CSTONE PHARMACEUTICALS(2616.HK):ON THE RIGHT TRACK TO MANAGE RISKS AND REAP REWARDS
Blueprint marked two key FDA NDA’s milestones for avapritinib and pralsetinib, shaping the outlook for their later NDA in China
CS1001 reported a promising 33.3% CR rate and good safety profile in patients with r/r extranodal natural killer/T-cell lymphoma
Maintain BUY on the delivery of numerous catalysts, and rNPV- based TP unchanged at HKD19.83
Enhancing NDA prospective for CStone’s TKI assets
On 9 Jan, FDA granted a NDA approval for avapritinib for patients with unresectable or metastatic gastrointestinal stromal tumor (GIST), based on the Phase 1 NAVIGATOR trial with an 84% ORR (with 7% CR and 77% PR) and a median duration of response (DOR) not reached. Of note, avapritinib became the first precision therapy for patients with PDGFRA exon 18 mutation GIST, a genomically defined population which previously had very limited treatment options. Meanwhile, on 8 Jan, Blueprint initiated rolling NDA submission to FDA for pralsetinib for 2L RET fusion+ NSCLC, based on ARROW study with a 61% ORR and median DOR not reached (with 73% ORR and 12% CR in treatment- naive patients). As Blueprint’s key collaborator in China, CStone expected to submit NDAs to CDE for these two molecules by end- 2020E, thanks to solid R&D and regulatory achievements in the U.S. and good trial enrolment progress in China.
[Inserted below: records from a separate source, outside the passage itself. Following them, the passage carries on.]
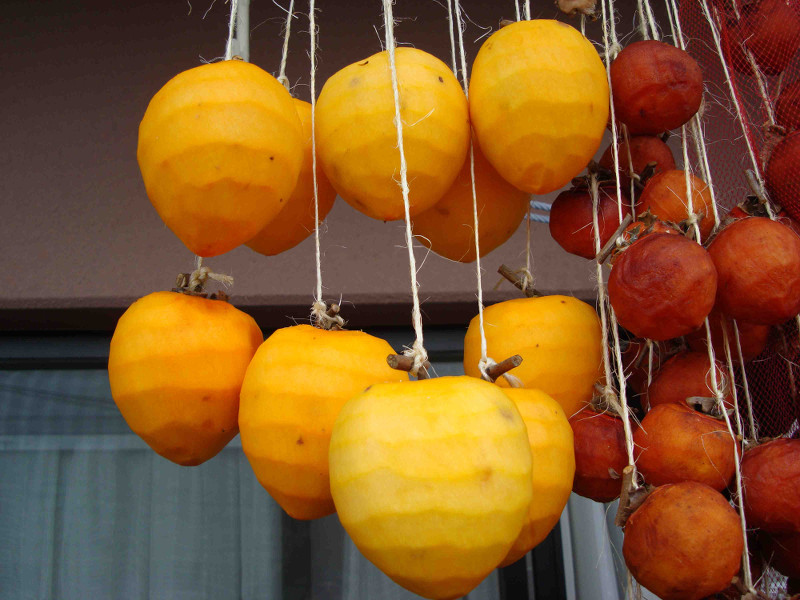 もともと小さくて丸い渋柿(名前は知りません)の干し柿作りを先に始めました。それから2週間遅れでこの愛宕柿の干し柿を始めました。12月13日には横野柿の干し柿を始めました。
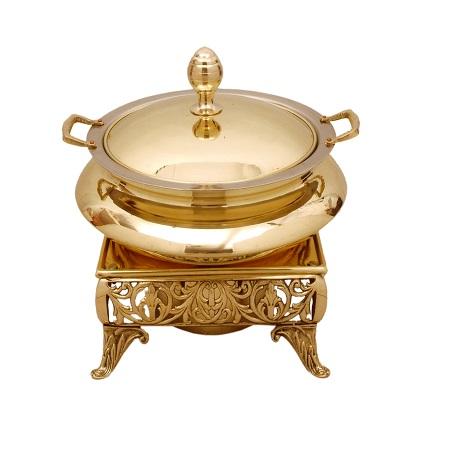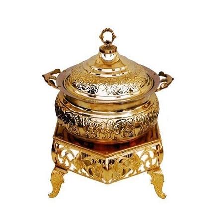 จานร้อนชุบทองเหลืองชุบทองพร้อมแผ่น Chowkhi สีดำจานสำหรับเสิร์ฟอาหารในโรงแรม
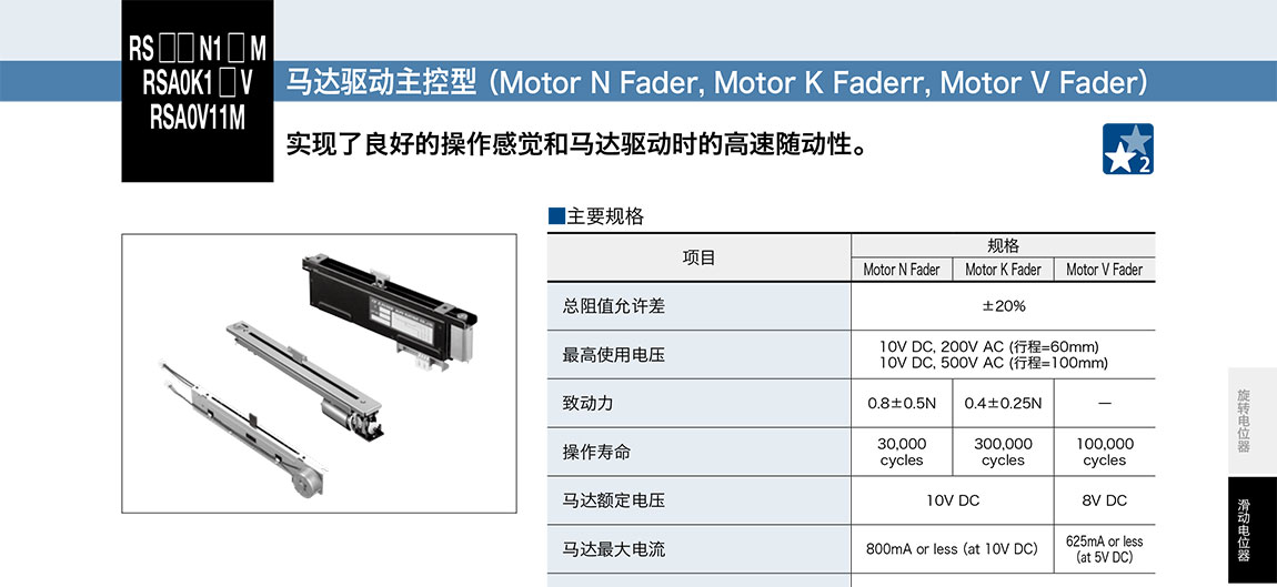 ALPS滑動電位器RS**N1*M/RSA0K1*V系列
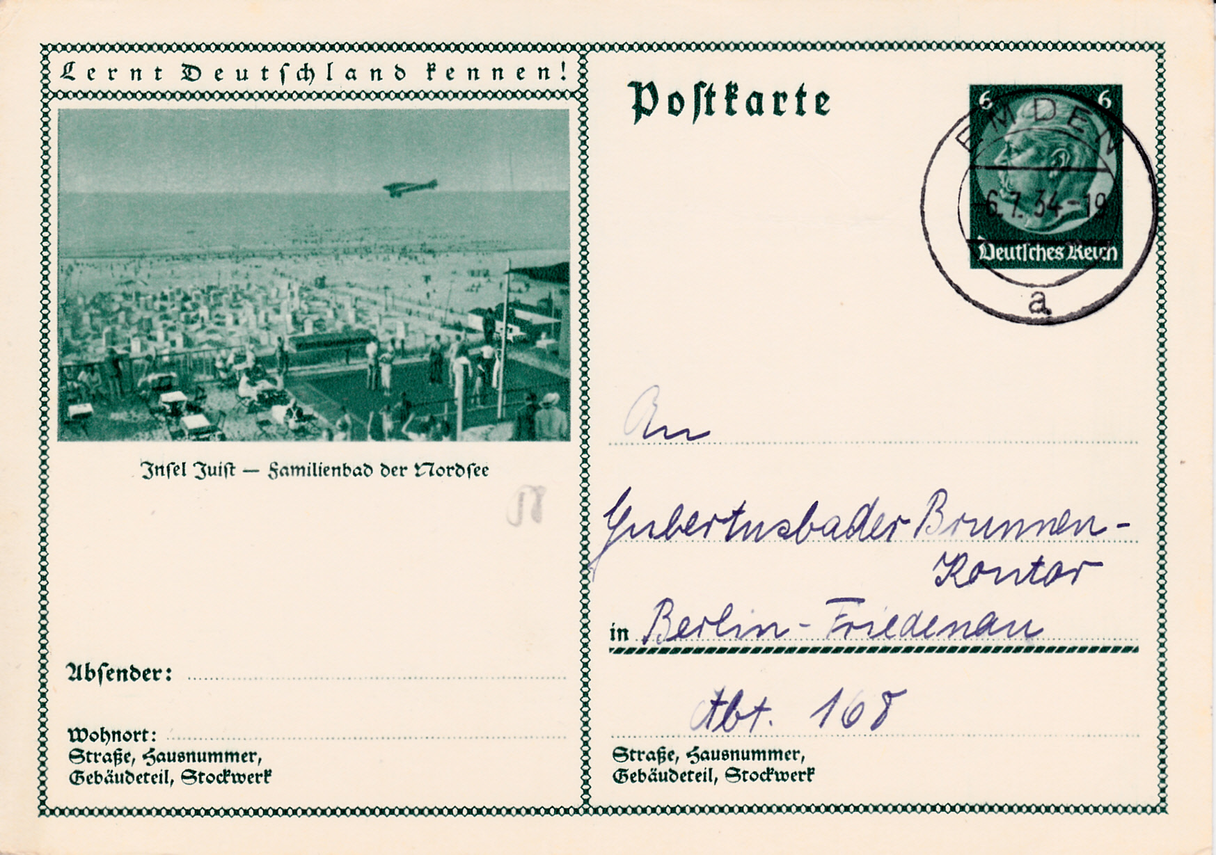 Für die Insel Juist ist auf dieser Bildpostkarte (MiNr P 232/58) ein Foto eines Strandabschnitts abgebildet.
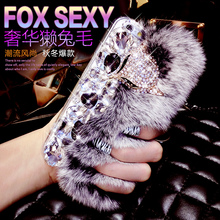 苹果6手机壳硅胶日韩女款奢华钻狐狸头獭兔毛iphone6splus手机壳
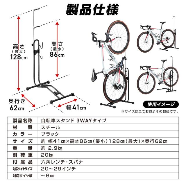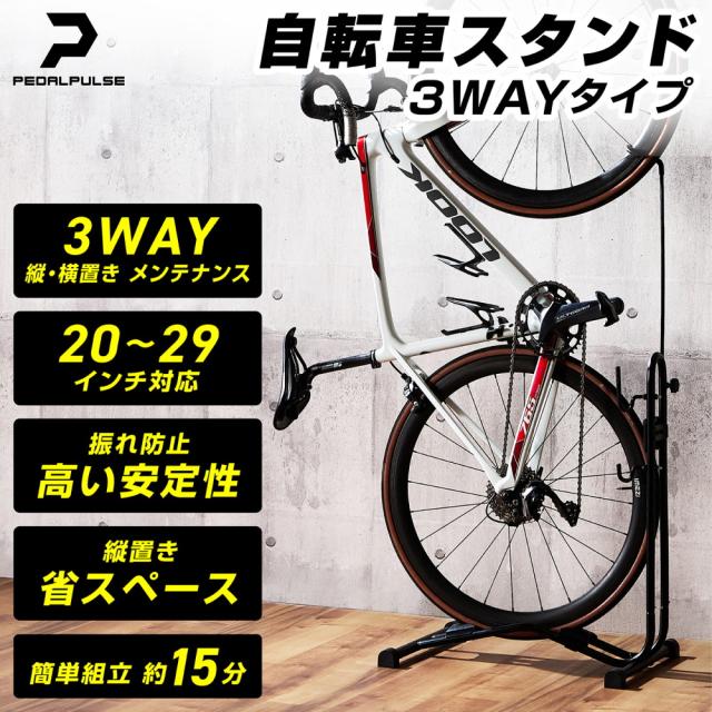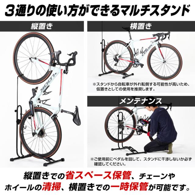 縦置き・横置き・メンテナンスの3通りで使える「自転車用スタンド 3WAYタイプ」です。
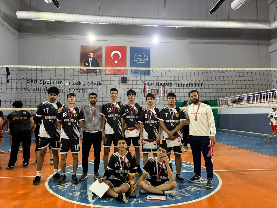 Batman Gençlik ve Spor İl Müdürlüğü’nün 2025-2026 okul sporları faaliyet programı kapsamında düzenlenen Genç Erkekler (Liseler Arası) Voleybol İl Şampiyonası sona erdi. Büyük heyecana sahne olan turnuvada Ziya Gökalp Anadolu Lisesi, tüm rakiplerini geride bırakarak il şampiyonu oldu. 7 ayrı grupta toplam 25 lise takımının mücadele ettiği şampiyonada yaklaşık 250 sporcu ter döktü. Sporun centilmenlik ve rekabet ruhu içinde geçtiği müsabakalar, izleyenlere keyifli anlar yaşattı. Turnuva sonunda dereceye giren okullara kupa, madalya ve katılım belgeleri; okul müdürleri, beden eğitimi öğretmenleri ve spor uzmanları tarafından takdim edildi. Şampiyonluğu elde eden Ziya Gökalp Anadolu Lisesi, bu başarısıyla Batman’ı ve okullarını grup müsabakalarında temsil etme hakkı kazandı. Okul Sporları Şube Müdürü Ömer Polat, organizasyona katılan tüm takımları ve sporcuları tebrik ederken, il şampiyonu Ziya Gökalp Anadolu Lisesi’ne grup müsabakalarında başarılar diledi.

Promising CS1001’s data in r/r-ENKTL likely to expedite its commercial availability
In Dec 2019, CStone updated results from CS1001-201 trial at 2019 ASH. The preliminary efficacy data showed 43.3% ORR (with 33.3% CR) with median DOR not reached and a benign safety profile. Co. explained ENKTL represents for c.6% of all lymphoma incidence and r/r-ENKTL patients still lack effective treatment options (with targeted monotherapy only produces <10% CR). Co. expected to file CS1001’s NDA to CDE in 2H20E. We think the promising data in the niche indication should differentiate from other approved PD-1/PD-L1, and help CS1001 to pursue a priority review from CDE to expedite its commercial availability.
Maintain BUY with TP unchanged at HKD19.83
We maintain BUY rating on CStone’s leading clinical stage I/O backbone candidates, extensively experienced in-house clinical team, and strong BD capabilities. In addition to its solid R&D catalysts, we think the recent BGNE-AMGEN collaboration might also give investors a new reason to warm up to decent Chinese biotechs in 2020E for potential value unlocked from tie-up with MNCs.